We can also identify some shared and dataset-specific markers for each factor and plot them to help in cluster annotation. This information can aid in finding cell-type specific dataset differences. We can return these in table format with getFactorMarkers
, though an easy way to visualize these markers (and distribution of factor loadings) is with the package’s plotWordClouds
function. Here we can notice that in the plot of factor 9, which seems to correspond to the NK cell cluster, one of the most highly-loading dataset-specific markers is CD16 (FCGR3A).
# This function uses the V loadings to identify dataset-specific genes and a combination of the W
# and V loadings to identify shared markers
markers <- getFactorMarkers(a.pbmc, dataset1='tenx', dataset2='seqwell', num.genes = 10)
# The first three elements in this list are the dataset1-specific, shared, and dataset2-specific
# markers respectively
# Let's take a look at factor 9
head(markers$tenx[markers$tenx$factor_num == 9, ])
## factor_num gene counts1 counts2 fracs1 fracs2 log2fc
## FCGR3A 9 FCGR3A 311 270.2475 0.8253968 0.17889908 3.369360
## RAMP1 9 RAMP1 38 105.1376 0.2301587 0.06422018 1.739324
## CD63 9 CD63 227 850.0802 0.7222222 0.43119266 1.239062
## CCL4 9 CCL4 486 950.6504 0.6904762 0.31192661 2.195697
## LAMP1 9 LAMP1 76 286.2575 0.4523810 0.17889908 1.282764
## ITGB2 9 ITGB2 278 712.4125 0.8253968 0.36697248 1.793409
## p_value
## FCGR3A 8.306949e-37
## RAMP1 1.043517e-05
## CD63 2.896254e-10
## CCL4 2.117245e-14
## LAMP1 8.163031e-08
## ITGB2 2.078076e-19
# Show top 10 highly loading dataset specific and shared genes
# Prevent text progress bar from printing
word_clouds <- plotWordClouds(a.pbmc, num.genes = 10, do.spec.plot = F, return.plots = T)
print(word_clouds[[9]])
A related type of visualization is a gene loadings plot, which may allow for easier comparison of the most highly-loading genes:
# Show top 10 highly loading dataset specific and shared genes
# with plots of gene loading values
gene_loadings <- plotGeneLoadings(a.pbmc, num.genes = 10, do.spec.plot = F, return.plots = T)
print(gene_loadings[[9]])
We can now plot this gene to better observe finer-grained dataset specific differences.

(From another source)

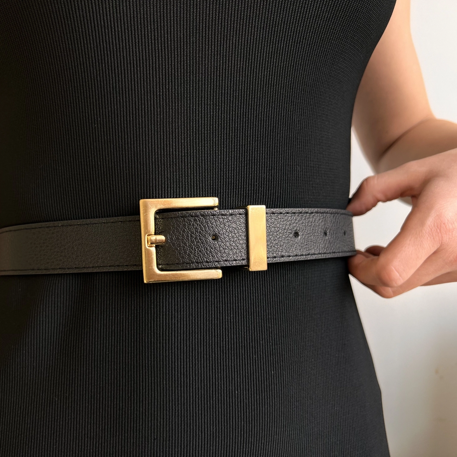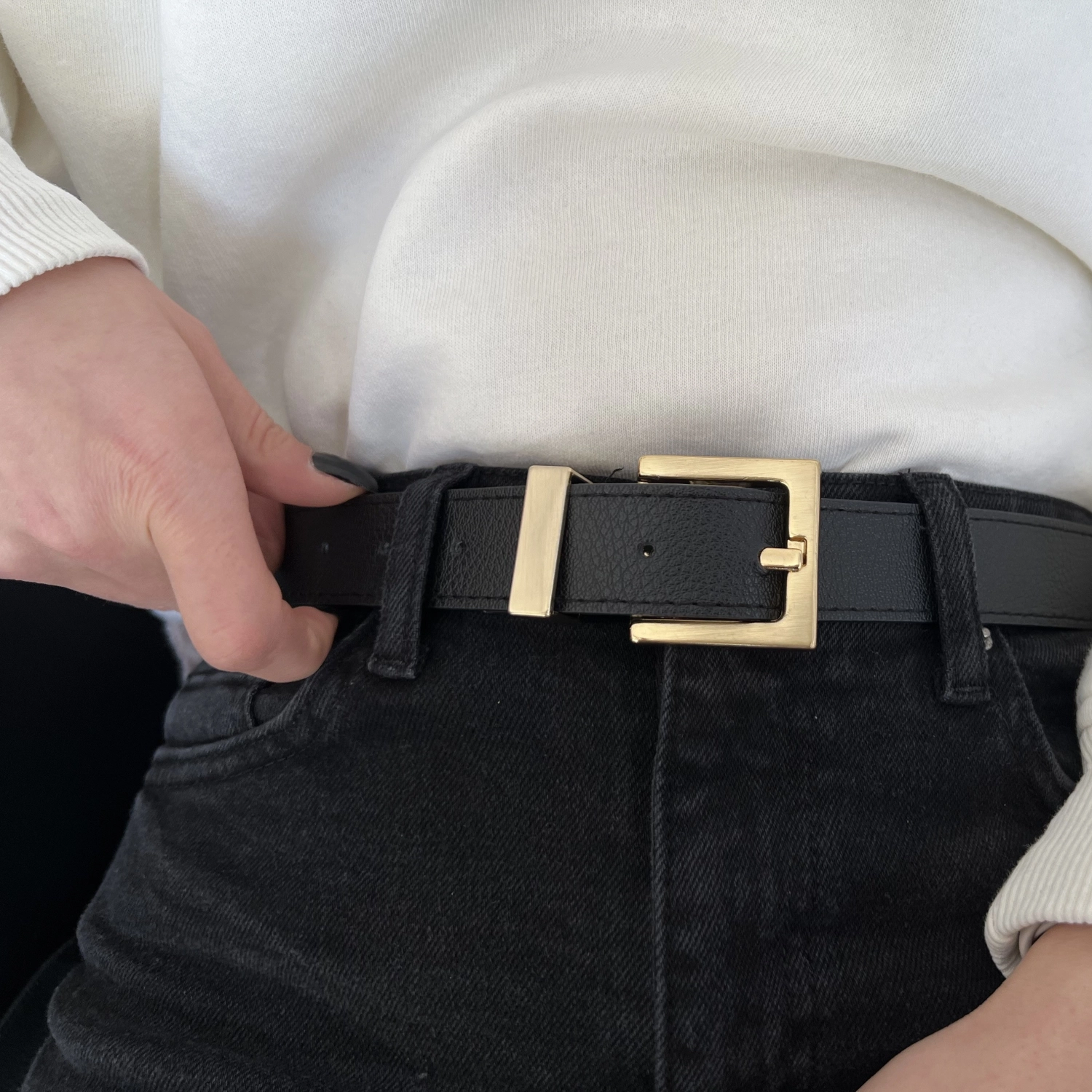 حزام نسائي من الجلد الصناعي بإبزيم مربع طول المنتج: 105 سم عرض المنتج: 3 سم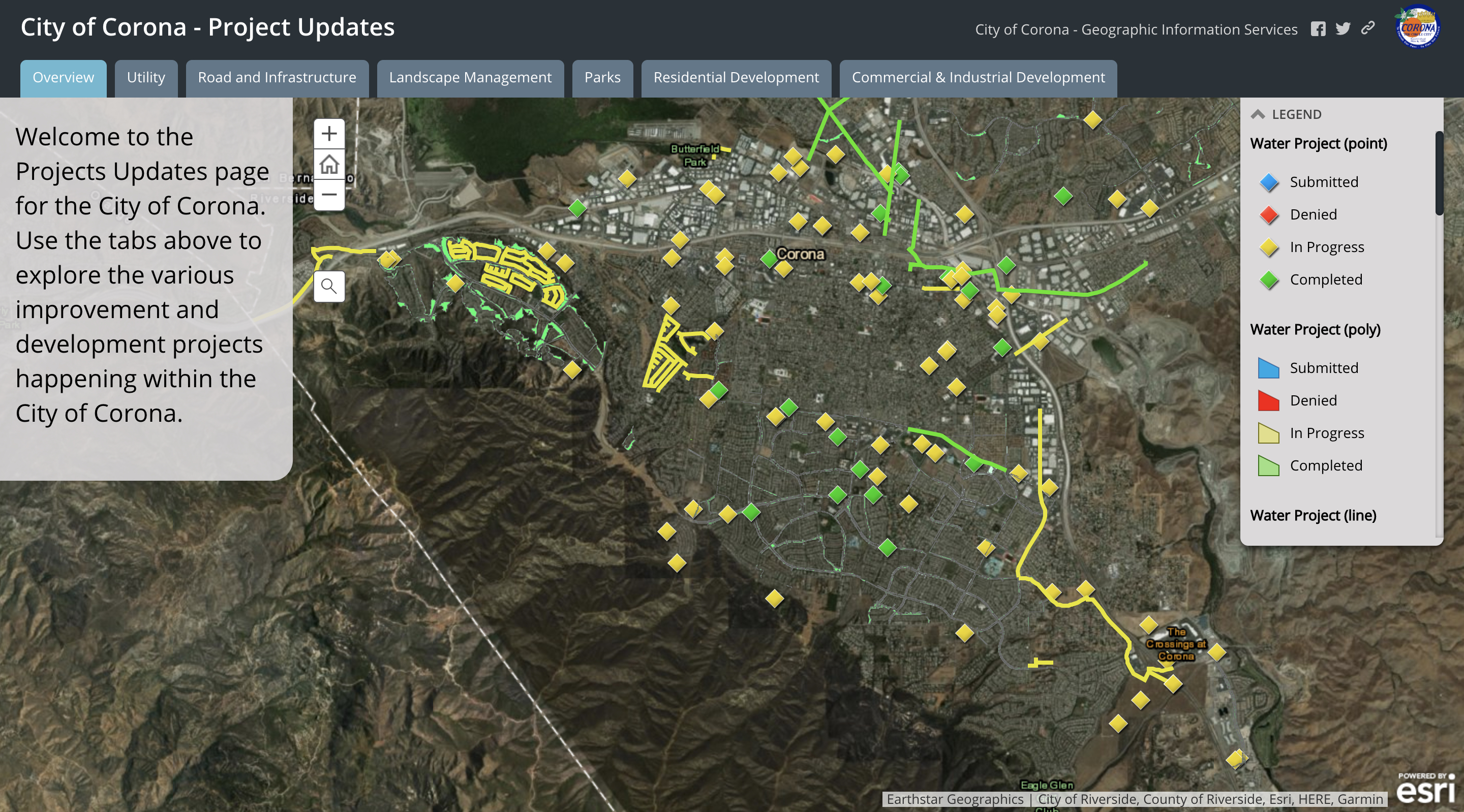 Một cú chụp màn hình GIS của thành phố Corona, California cho thấy sự tăng trưởng và phát triển của các dự án đang diễn ra ở khắp thành phố.

p_g2 <- plotGene(a.pbmc, 'FCGR3A', return.plots = T)
plot_grid(plotlist = p_g2)
Note that with these plots, we can confirm that the NK cluster in the seqwell dataset does not seem to express CD16 as highly as that from the 10X dataset (although as expected many of the myeloid cells express this marker). This might suggest some additional cytokine activation in the 10X patient.